Proteína transportadora de carboxilo de biotina

Proteína transportadora de carboxilo de biotina

La proteína transportadora de carboxilo de biotina (BCCP) se refiere a proteínas que contienen un dominio de unión a biotina que transportan biotina y carboxibiotina a lo largo de la carboxilación dependiente de ATP por carboxilasas dependientes de biotina. La proteína transportadora de carboxilo de biotina es una subunidad de acetil CoA que permite que el acetil CoA sea catalizado y convertido en malonil-CoA. Más específicamente, BCCP cataliza la carboxilación de la proteína transportadora para formar un intermedio. Luego, el grupo carboxilo es transferido por la transcacrboxilasa para formar el malonil-CoA. ^[1] Esta conversión es un paso esencial en la biosíntesis de ácidos grasos. En el caso de la acetil-CoA carboxilasa de E. coli , la BCCP es una proteína separada conocida como accB ( P0ABD8 ).
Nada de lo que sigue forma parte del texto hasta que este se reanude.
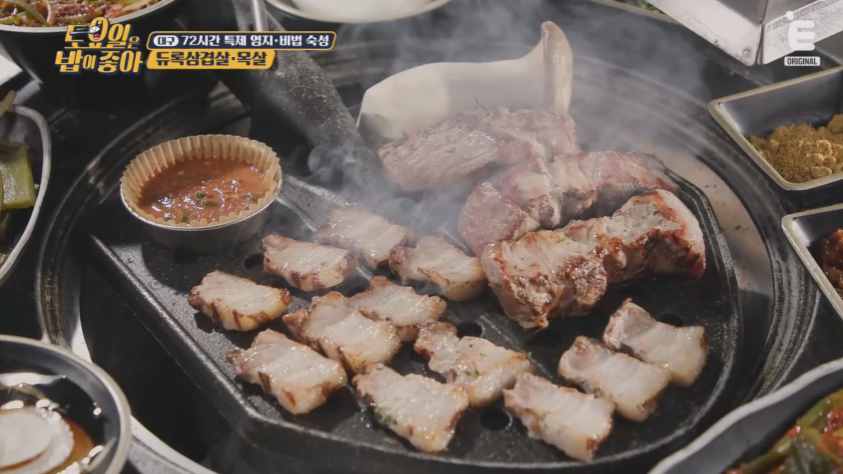 첫번째 아침식사는 대구 72시간 특제 염지 비법 숙성 듀록삼겹살과 목살입니다.
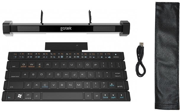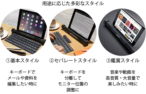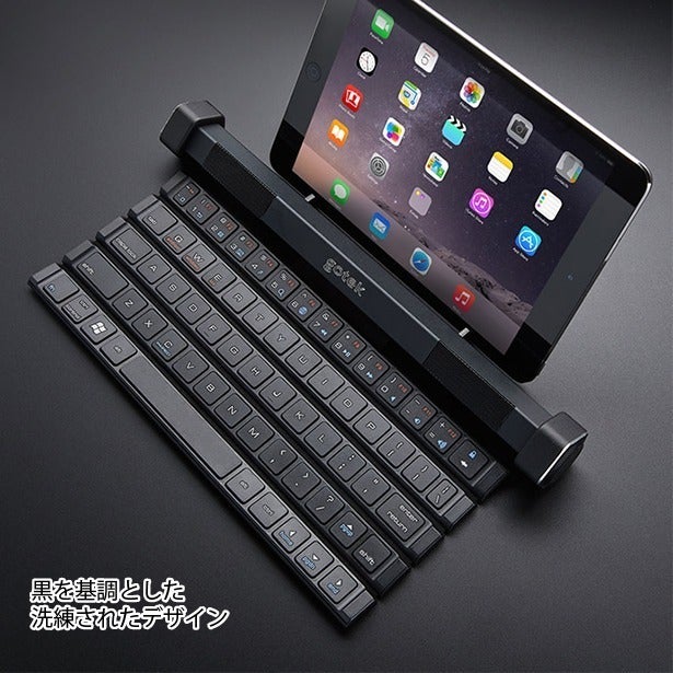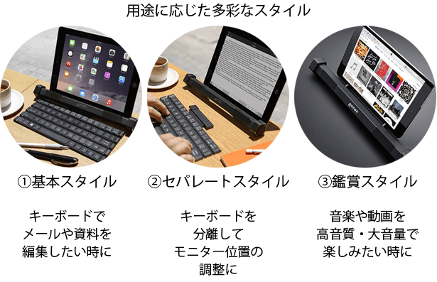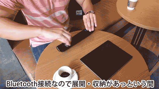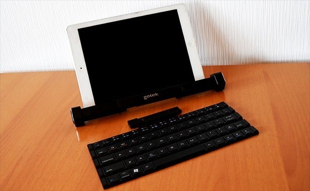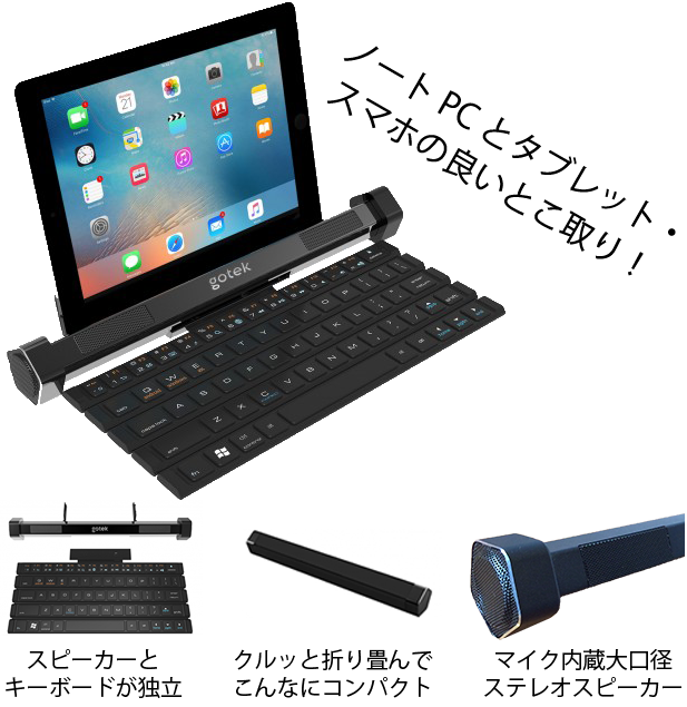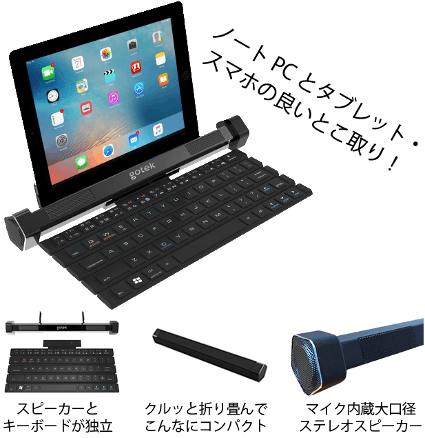 Bluetoothによる簡単接続でGotype本体の固定スタンドに10インチまでのタブレットとスマホを立て掛けてノートPCのように使用できます。

Por otra parte, en Haloferax mediterranei , la propionil-CoA carboxilasa , la BCCP pccA ( I3R7G3 ), está fusionada con la biotina carboxilasa .
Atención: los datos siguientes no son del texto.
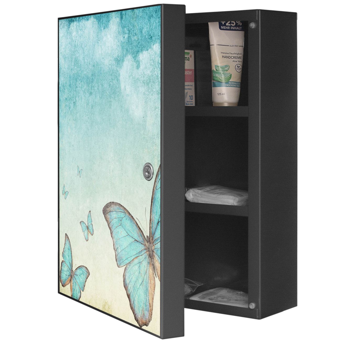 Medizinschrank Stahl Motiv Blaue Schmetterlinge
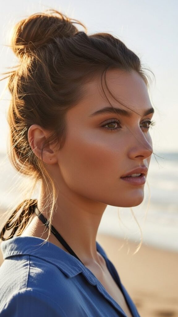 Gather your hair into a loose top knot. Let ends stick out. This bun works with salty, wavy hair. No brush needed. If your hair tangles, finger comb and tie. A little coconut oil on the ends keeps them soft. This style is simple and easy for travel.
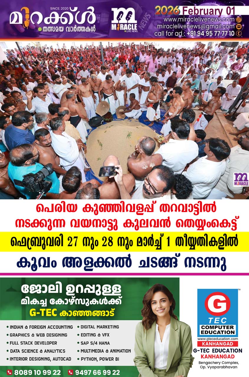 പെരിയ: പെരിയ കുഞ്ഞിവളപ്പ് തറവാട്ടില് നടക്കുന്ന വയനാട്ടു കുലവന് തെയ്യംകെട്ടിന് മുന്നോടിയായി കൂവം അളക്കല് ചടങ്ങ് നടന്നു. ആചാരസ്ഥാനികരുടെയും ആഘോഷ കമ്മിറ്റി ഭാരവാഹികളുടെയും ഭക്തജനങ്ങളുടെയും സാനിധ്യത്തില് പ്രധാന ക്ഷേത്രങ്ങളിലേക്കും ദേവസ്ഥാനങ്ങളിലേക്കും തറവാടുകളിലേക്കും നിവേദ്യത്തിനുള്ള നെല്ല് അളന്ന് മാറ്റി. കുണ്ടംകുഴി പഞ്ചലിംഗേശ്വര ക്ഷേത്രം , തൃക്കണ്ണാട് ത്രയംബകേശ്വര ക്ഷേത്രം, കീഴൂര് ധര്മ്മ ശാസ്താ ക്ഷേത്രം ,മണിയന്തട്ട മഹാവിഷ്ണു ക്ഷേത്രത്തിലേക്കും സമീപ ദേവസ്ഥാനങ്ങളിലേക്കും തറവാടുകളിലേക്കുമാ ണ് കൂവം അളന്നത്. പതിക്കാല് കുമാരന് കൂവം അളക്കുന്നതിന് നേതൃത്വമേകി. തുടര്ന്ന് പെരിയ കര്ണ്ണ മൂര്ത്തി , പെരിയ മിങ്ങുന്നോന്, കലൈപ്പാടി എന്നിവര്ക്ക് ആചാരവിധി പ്രകാരം തെയ്യം കെട്ടിനുള്ള അടയാളം കൊടുത്തു. ഫെബ്രുവരി 27 നും 28 നും മാര്ച്ച് ഒന്നിനുമാണ് വയനാട്ടുകുലവന് തെയ്യം കെട്ട് മഹോത്സവം നടക്കുന്നത്.
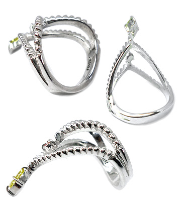 唐草透かし模様にダイヤモンドが煌めく2連風シルバーリング
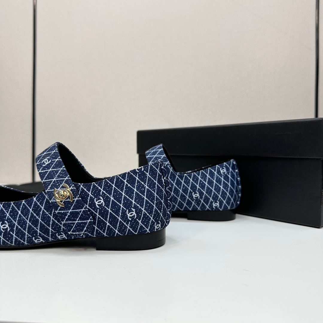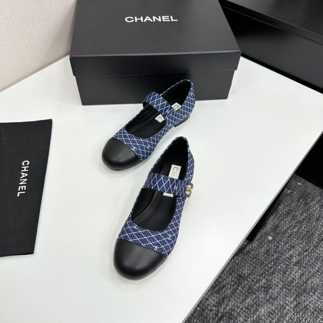 CC25 Mary Janes Navy Blue Fabric And Black Cowhide 352508
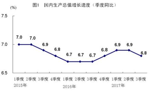 初步核算,前三季度国内生产总值593288亿元,按可比价格计算,同比增长6.9%,增速与上半年持平,比上年同期加快0.2个百分点。分产业看,第一产业增加值41229亿元,同比增长3.7%;第二产业增加值238109亿元,增长6.3%;第三产业增加值313951亿元,增长7.8%。三季度,国内生产总值同比增长6.8%,经济连续9个季度运行在6.7-6.9%的区间,保持中高速增长。

La biosíntesis de ácidos grasos en las plantas, como el triacilglicerol , es vital para la salud general de la planta porque permite la acumulación de aceite de las semillas. La biosíntesis que es catalizada por BCCP generalmente tiene lugar en el cloroplasto de las células vegetales. La biosíntesis realizada por la proteína BCCP permite la transferencia de CO2 _dentro de los sitios activos de la célula. ^[2]

La proteína transportadora de carboxilo de biotina transporta aproximadamente 1 mol de biotina por cada 22.000 g de proteína. ^[3]
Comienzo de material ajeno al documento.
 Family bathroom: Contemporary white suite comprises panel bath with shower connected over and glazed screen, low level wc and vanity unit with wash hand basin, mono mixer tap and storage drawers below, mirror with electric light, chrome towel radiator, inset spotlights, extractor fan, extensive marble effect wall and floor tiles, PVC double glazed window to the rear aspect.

Actualmente no hay mucha investigación sobre las BCCP. Sin embargo, un estudio reciente sobre genómica de plantas descubrió que las BCCP de Brassica podrían desempeñar un papel clave en las respuestas al estrés abiótico y biótico. ^[4] Esto significa que estas proteínas pueden transmitir mensajes al resto del cuerpo de la planta después de que haya estado expuesta a condiciones extremas que alteran la homeostasis de la planta.

Síntesis de Malonil-CoA

La síntesis de malonil-CoA consta de dos semirreacciones. La primera es la carboxilación de la biotina con bicarbonato y la segunda es la transferencia del grupo CO2 _a la acetil-CoA desde la carboxibiotina para permitir la formación de malonil-CoA. Para que esta reacción de dos pasos tenga éxito, se requieren dos subconjuntos proteicos diferentes, junto con la BCCP: la biotina carboxilasa (BC) y la carboxiltransferasa (CT). La BCCP contiene el cofactor biotina, que está unido covalentemente a un residuo de lisina. ^[5]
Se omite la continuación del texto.